We carried out a heuristic evaluation for the prototype as well. We utilised Jacob Nielsen’s 10 Usability Heuristics as a basis to evaluate this newer version of the prototype.
In general, we feel that the revised prototype is user friendly for the most part. However, more work can be done to allow the user to have more control and freedom and not let them go through an extended dialogue to leave the unwanted state i.e. have more recovery actions.
The final solution is called Slife (Slide + Life). It consists of 3 main features:
The finalised interactions are shown below for each feature.

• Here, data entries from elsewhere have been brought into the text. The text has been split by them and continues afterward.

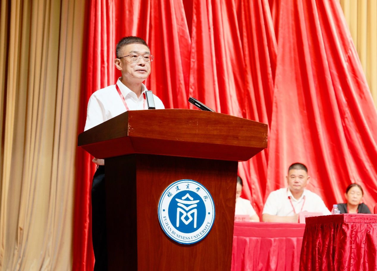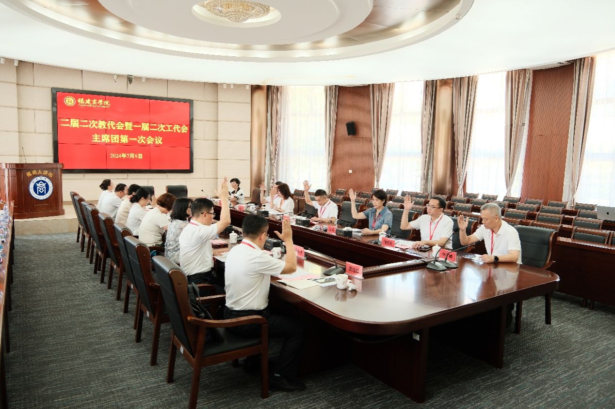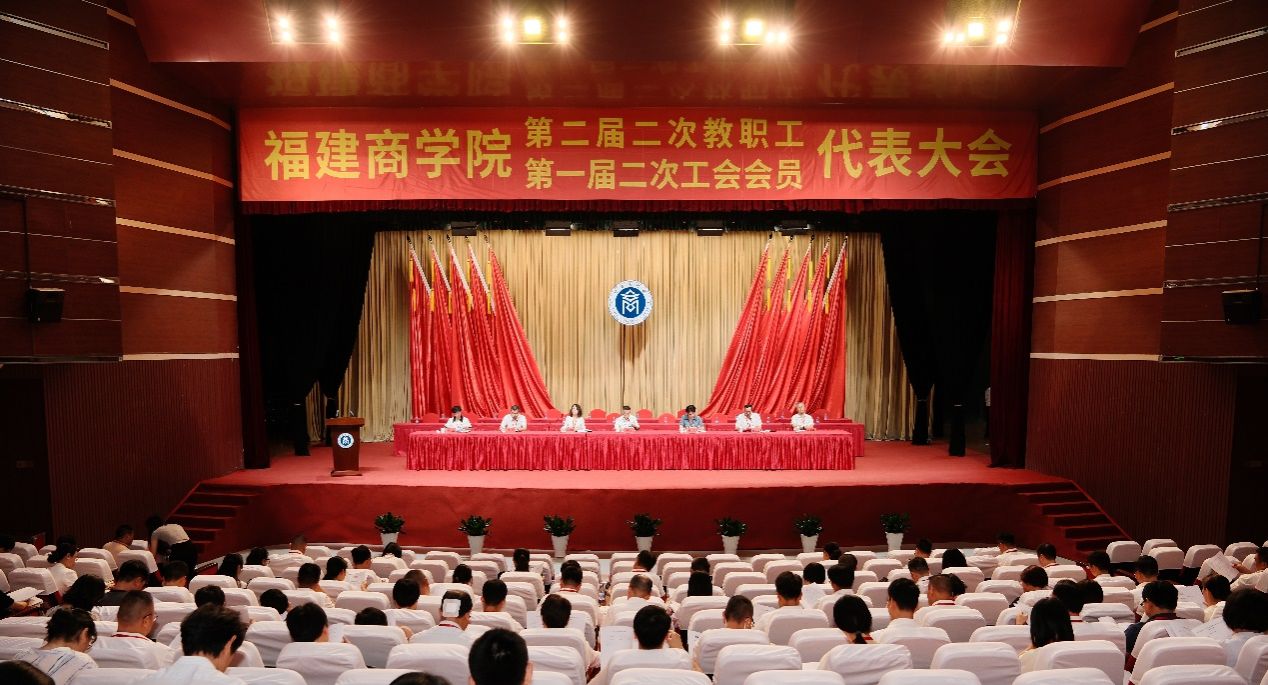 7月9日,必赢国际437官网二届二次教代会暨一届二次工代会在连江校区明德楼福商青春礼堂召开。全体校领导出席会议,正式代表和列席代表200人参加会议。会议由校党委副书记蒲文庆主持。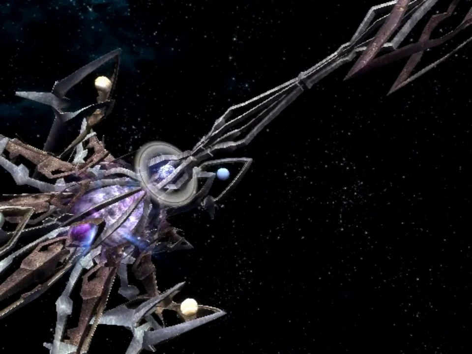 Its primary shape resembles a crystalline tree or chandelier. The database claims that the ringed object in the center of its structure is not a planet, but an energy field.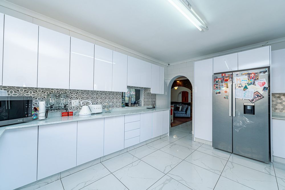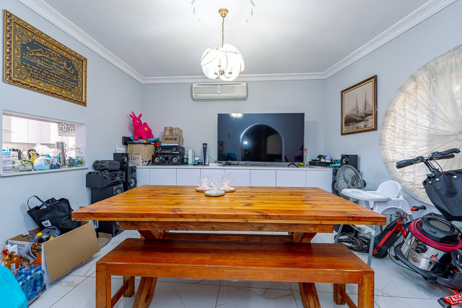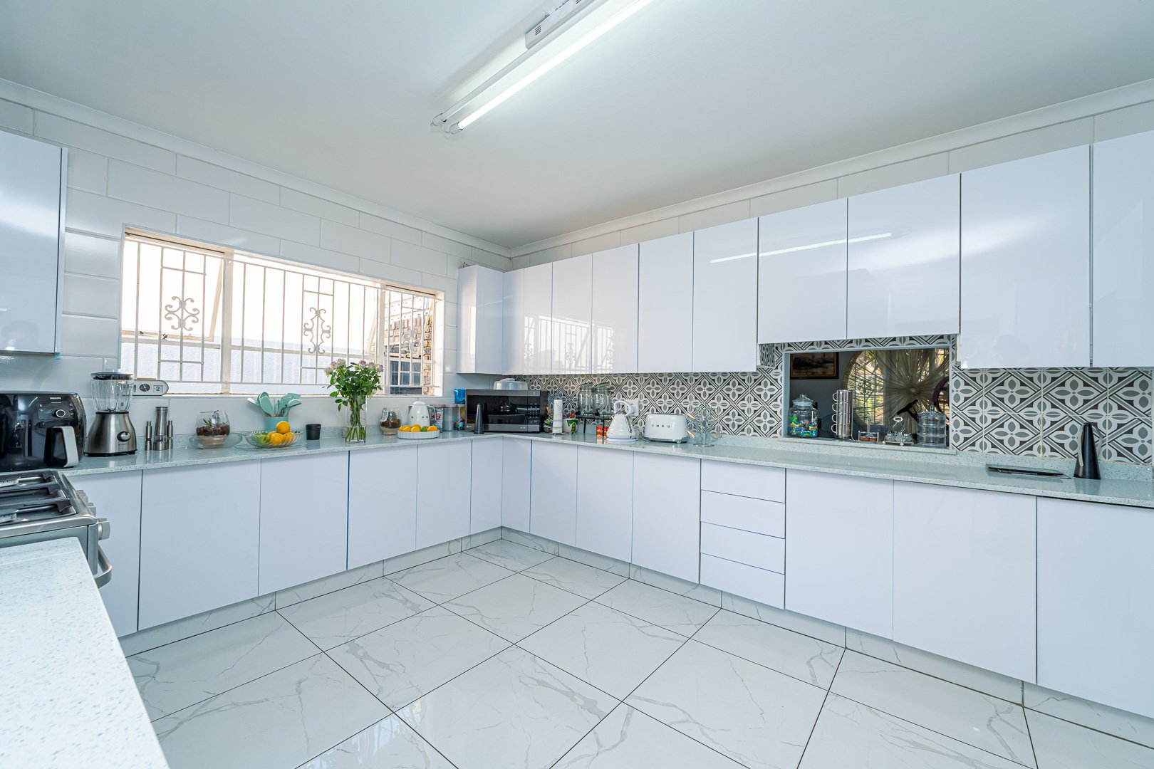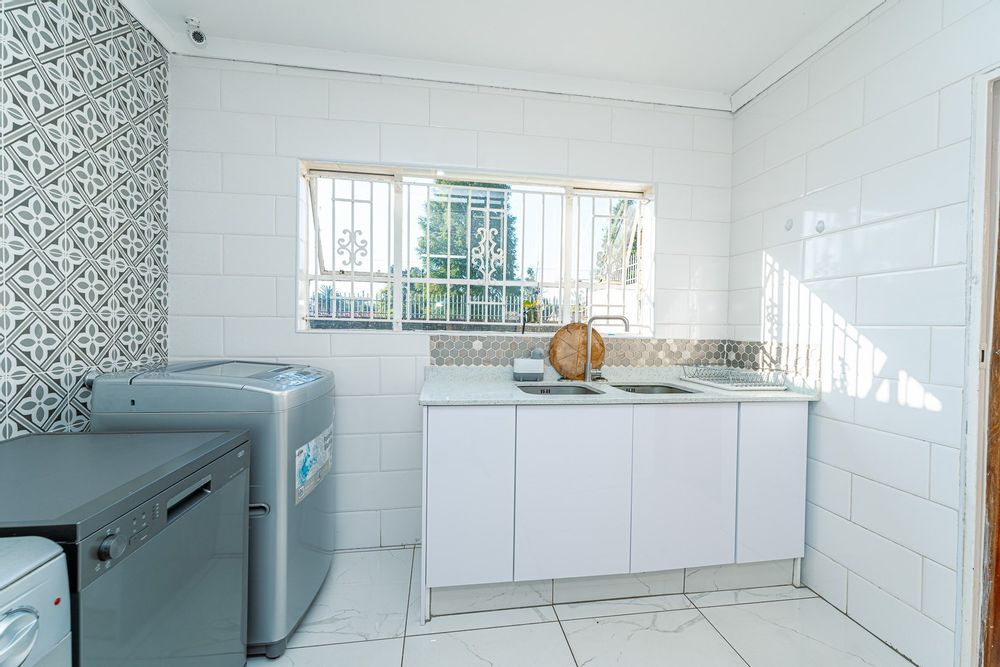 The kitchen is a true centerpiece — bright and beautifully finished with quartz countertops, a five-plate gas burner, a large oven, and a generous scullery with space for three appliances. A spacious dining room with fitted cupboards and melamine finishes completes the heart of the home — perfect for hosting and entertaining.

Speakers can add a slide action, for example a poll, to be sent to audiences at slide 2
Upon reaching slide 2 during the webinar, speakers can send out the slide action set up to the audience to interact with. Results are received and speakers can choose to display it to the audience too. (no changes from initial design)
Speakers can add a slide action, in this case an Emoji Request, to be sent to audiences at slide 2
Upon reaching slide 1, emoji requests can be sent out to audience. Feedback is received by the speaker allowing them to adjust their performance. (no changes from initial design)
Overall, we produced a relatively interesting solution for the problem statement provided which also has been validated via usability testing. We did our due diligence for each step even with limited time.
There is definitely room for improvement, such as doing:
To end off, the main lesson learnt was that it is completely okay to not decide on an exact problem and target audience, the final decision can be made after exploring the problem space.